**PROMPT:**
Would you print the data below exactly, leaving out every picture?

**PROVIDED MATERIAL:**
========================

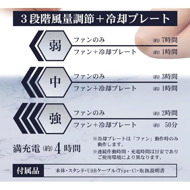 付属品:専用スタンド・充電用USBケーブル(Type-C)/※この製品はUSB充電専用です。
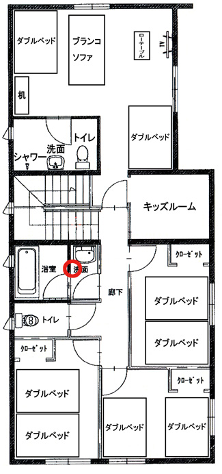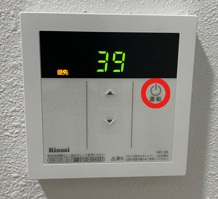 給湯器のスイッチは赤丸の部分、2階の洗面所のところにあります。
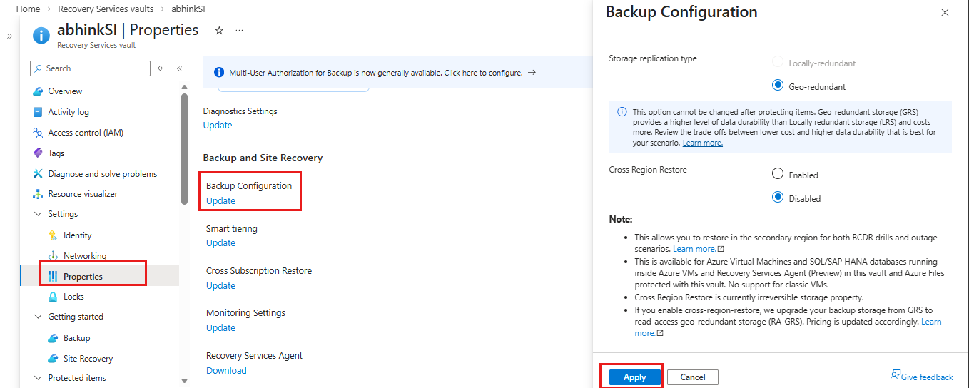 2. On the Recovery Services vaults you selected, go to Settings > Properties.
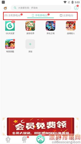 9、选择中间“我的游戏”就可以看到你玩过的主机游戏和你手机里的游戏以及云端游戏;
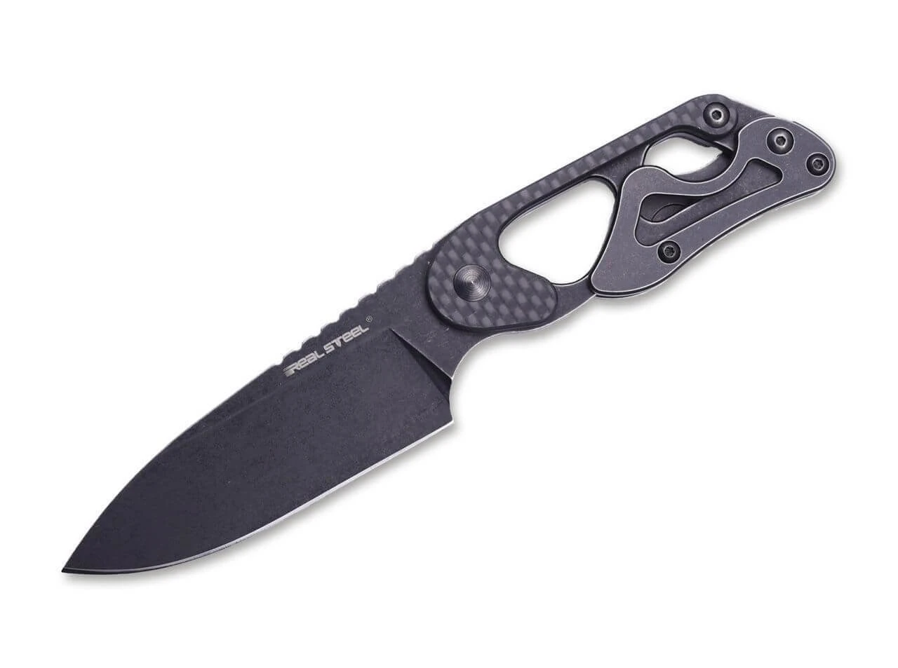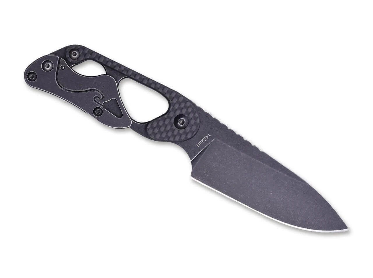 Das weiterentwickelte Cormorant Apex von Real Steel ist ein innovatives feststehendes Messer, das aufgrund des variablen Griffs mit einem breiten Einsatzspektrum glänzt. Das kompakte Messer kann problemlos als leichtes EDC oder auch Neck Knife getragen werden, bietet mit ausgeklappter Verlängerung aber die komfortable Handlage eines deutlich größeren Messers. Gefertigt wird die Ganzstahlkonstruktion mit Blackwash-Finish aus 14C28N, der skelettierte Griff mit Schalen aus Kohlefaser reduziert das Gewicht zusätzlich. Mit orangefarbener Kydex-Scheide.

========================

**SOLUTION TO THIS PROBLEM:**
 付属品:専用スタンド・充電用USBケーブル(Type-C)/※この製品はUSB充電専用です。
 給湯器のスイッチは赤丸の部分、2階の洗面所のところにあります。
 2. On the Recovery Services vaults you selected, go to Settings > Properties.
 9、选择中间“我的游戏”就可以看到你玩过的主机游戏和你手机里的游戏以及云端游戏;
 Das weiterentwickelte Cormorant Apex von Real Steel ist ein innovatives feststehendes Messer, das aufgrund des variablen Griffs mit einem breiten Einsatzspektrum glänzt. Das kompakte Messer kann problemlos als leichtes EDC oder auch Neck Knife getragen werden, bietet mit ausgeklappter Verlängerung aber die komfortable Handlage eines deutlich größeren Messers. Gefertigt wird die Ganzstahlkonstruktion mit Blackwash-Finish aus 14C28N, der skelettierte Griff mit Schalen aus Kohlefaser reduziert das Gewicht zusätzlich. Mit orangefarbener Kydex-Scheide.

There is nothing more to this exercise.